Она налила в горячую фасоль соевого соуса, оливкого масла.
Перемешала все это и накрыла крышкой. Добавила в фарш зелени, лука,
сухарей, куриного бульона, специй; шлепнула мясную лепешку на
противень, положив в ее середину смесь из мелконарезанных
грибов, петрушки, тертого сыра. Вылепила из всего этого
длиннющую котлету, полила ее растительным маслом и заперла в
духовке. В руках ее вновь возник миксер, взбивающий печеный
баклажан с майонезом и чесноком.
– Может быть, продавать речную рыбу запрещено законом? – предположил
я. – Элементарное экологическое ограничение, – но тут же
усомнился в своей идее, сообразив, что рыбу можно разводить в
искусственных условиях.
– Не в этом дело... – протянула Елка. – Просто вы все – мудаки, а не
дети природы. Зачем пить прозак вместо водки? Пластиковый
чай вместо цейлонского? Про сэндвичи я вообще не говорю...
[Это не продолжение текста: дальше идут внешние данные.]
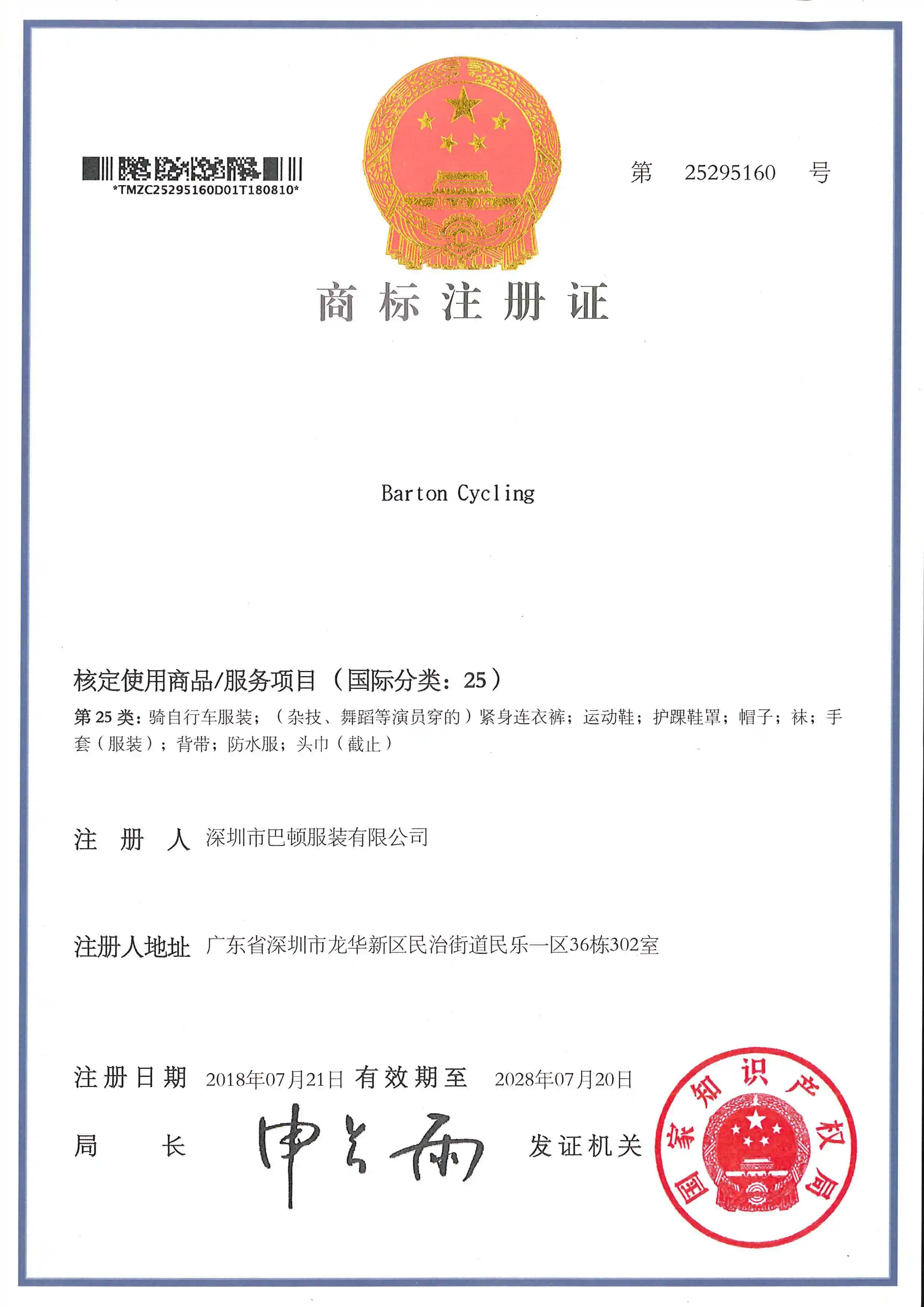 Barton велосипедная бирка и сертификат регистрации торговой марки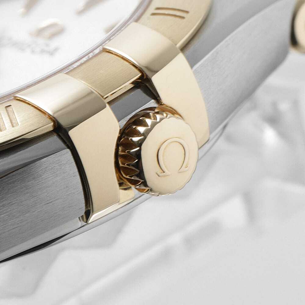 モデル情報 | オメガを代表する最もオーソドックスでドレッシーなデザインの“コンステレーション”。ケースに施された有名なハーフムーンデザインと爪、リンクブレスレットが特徴です。こちらはステンレスとイエローゴールドに、ローマ数字が刻印されたベゼルが印象的なモデル。針やロゴ、コンステレーションの星にもイエローゴールドを使用、ケースバックにはコンステレーションを象徴する天文台のメダリオンが施され、シンプルながらラグジュアリーな雰囲気が漂います。 |

Я начинал злиться: где-то подобные разговоры я уже слышал. Я смутно
догадывался, к чему она клонит, эта взбалмошная дщерь Старой
Европы. Все они любят болтать – и жить за наш счет.
– Такой ритм жизни, Наташа. Мы должны много работать, многое
успевать. У нас нет времени на приготовление паштетов из куриной
печенки. Да, я никогда не ел виноградных листьев и розовых
лепестков, но я знаю, что в этой стране правильно жить именно
так. Каждый находится на своем месте, знает, зачем живет.
Поэтому у нас все получается. Я был лет десять назад в
Доминиканской республике. Они никогда ничего не достигнут: им
нравится плясать, курить траву и трахаться. Они не хотят работать.
А у нас нет времени даже на то, чтобы нормально отоспаться.
Это называется конкуренция. Кто успел, тот и съел.
Казалось, этой фразы она и ждала. Она всплеснула руками в
осыпающейся муке и почти по-настоящему заорала:
– Что съел? Котлетку в булочке? Ты мало ешь? Ради чего мы работаем?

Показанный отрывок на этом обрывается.